A medicinal product intended for the treatment of a rare disease for which reimbursement has been granted under Section 39da of the Public Health Insurance Act thus does not necessarily meet the condition of an appropriate therapeutic intervention as defined by the requirements of the law for medicinal products under the so-called permanent reimbursement regime. An LPVO reimbursed under Section 39da does not have to meet the condition of maintaining cost-effectiveness and therefore may not qualify as an appropriate therapeutic intervention within the meaning of the second sentence of Section 15(7) of the Act (although it does qualify under the third sentence of Section 15(7)). The anticipated inability of LPVOs to demonstrate their cost-effectiveness as required in proceedings under Section 39g is one of the reasons why LPVOs are granted a different procedure for determining reimbursement under Section 39da.
For the above reasons, when proving the appropriate therapeutic intervention of a medicinal product entering the so-called permanent reimbursement system under Section 39g, or in proceedings for modifying reimbursement under Section 39i of the Act, it is not possible to rely on the appropriate therapeutic intervention demonstrated by an LPVO that entered the reimbursement system under Section 39da. These are two different types of appropriate therapeutic intervention, requiring the demonstration of different circumstances and applicable in different types of proceedings. Therefore, it is not valid to equate them or assume that if an LPVO reimbursed under Section 39da meets the condition of appropriate therapeutic intervention pursuant to the third sentence of Section 15(7) of the Act, it also meets the condition pursuant to the second sentence of that same provision.
Using an LPVO reimbursed under Section 39da as a comparator in the base-case scenario of a cost-effectiveness analysis in proceedings for the determination or modification of reimbursement in the so-called permanent reimbursement regime would lead to methodological inconsistencies in the cost-effectiveness assessment submitted by the applicant and subsequently to inequalities in the Institute's assessment compared to other medicinal products in the permanent reimbursement regime.
Based on the above, it is clear that an assessed intervention in proceedings for the determination or modification of reimbursement in the so-called permanent reimbursement regime cannot be considered to meet the condition of appropriate therapeutic intervention if a medicinal product reimbursed under Section 39da is used as a comparator in the base-case scenario of the cost-effectiveness analysis.
The Ministry is therefore convinced that the use of a medicinal product intended for the treatment of a rare disease reimbursed under Section 39da as a comparator in the base-case scenario of the cost-effectiveness assessment in proceedings for the determination or modification of reimbursement in the so-called permanent reimbursement regime cannot in any way prove that the assessed intervention meets the condition of appropriate therapeutic intervention within the meaning of the second sentence of Section 15(7) of Act No. 48/1997 Coll. Failure to demonstrate appropriate therapeutic intervention under the second sentence of Section 15(7) of Act No. 48/1997 Coll. in reimbursement proceedings under the so-called permanent reimbursement regime constitutes a legal reason for denying reimbursement pursuant to Section 15(6)(d) of the same Act.

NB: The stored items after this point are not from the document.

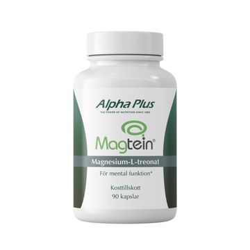 Alpha Plus Magtein® Magnesium-L-treonat innehåller en patenterad form av magnesium bunden till L-treonat – en sammansättning som utvecklats särskilt med fokus på upptag i nervsystemet. Produkten ger 2000 mg magnesium-L-treonat per dagsdos, vilket motsvarar 144 mg magnesium.Magnesium är ett essentiellt mineral som bidrar till nervsystemets normala funktion och till normal psykologisk funktion. Det spelar också en roll i att minska trötthet och utmattning.Magtein® är ett registrerat varumärke licensierat av ThreoTech LLC och är ett alternativ för dig som söker ett magnesiumtillskott med särskilt fokus på kognitivt stöd.
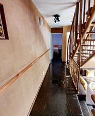Step into a welcoming kitchen complete with a dedicated wash-up area, ideal for culinary enthusiasts. The open-plan dining room seamlessly connects to two spacious rooms, perfect for entertaining guests or transforming into a study or additional living space. Relax in the cozy lounge area, and enjoy the convenience of a full bathroom. The ground floor also features two bedrooms, each equipped with built-in cupboards and carpeted for added warmth, while the rest of the house is adorned with elegant slate tiles.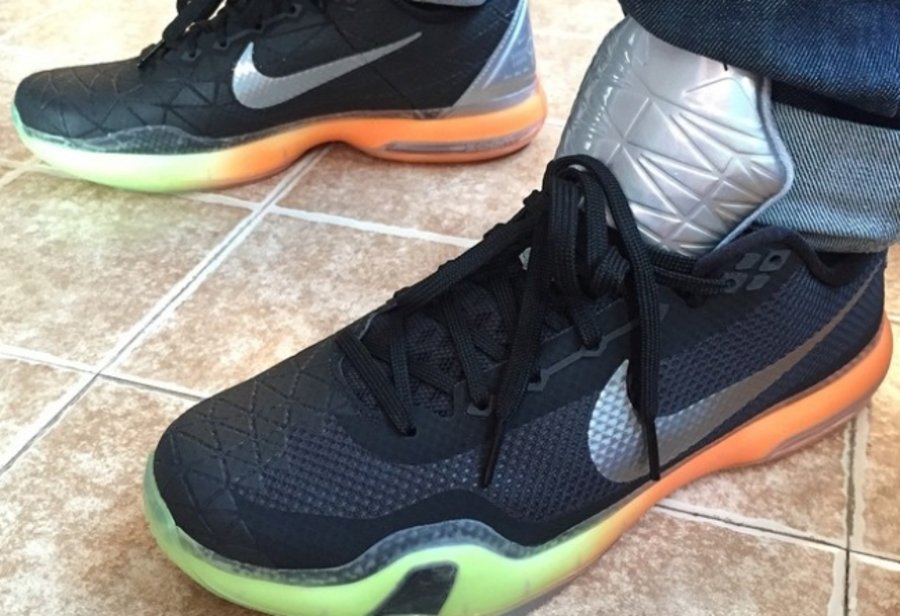 全明星配色的 Nike Kobe 10 ASG 继续曝光实物图片,或将在 2 月 14 日正式发售。黑色鞋面点缀银色 Swoosh 、后跟包裹和鞋舌,银色部分似乎带有 3M 反光效果。大底则采用了类似 Air Max 2015 般的渐变色彩打造。

This is an unofficial translation generated with the assistance of ChatGPT-4o. It is provided for informational purposes only and does not constitute an official or legally binding translation.
As part of a streamlined reimbursement review for cost-saving purposes (§ 39p(1)), the State Institute for Drug Control unified reimbursement conditions by removing the “A” symbol (indicating use in ambulatory care) for products that can be self-administered by patients after prior training.
The Institute argued that if all products in a given group serve the same purpose and can be administered by patients, there is no reason for them to be subject to different reimbursement conditions. Previously, some products required immediate administration by a physician (marked with the “A” symbol), while others—therapeutically interchangeable—were not subject to such restriction.
The appeal body agreed with this reasoning and described the previous arrangement as inefficient.
The Institute had already reached the same conclusion in 2022, stating that if the accompanying texts (SPC/PIL) allow for patient self-administration after proper training instead of administration in ambulatory care, the “A” prescription restriction (ZULP for ambulatory care) may be removed without requiring a pharmacoeconomic assessment, as no expansion in the number of treated patients occurs.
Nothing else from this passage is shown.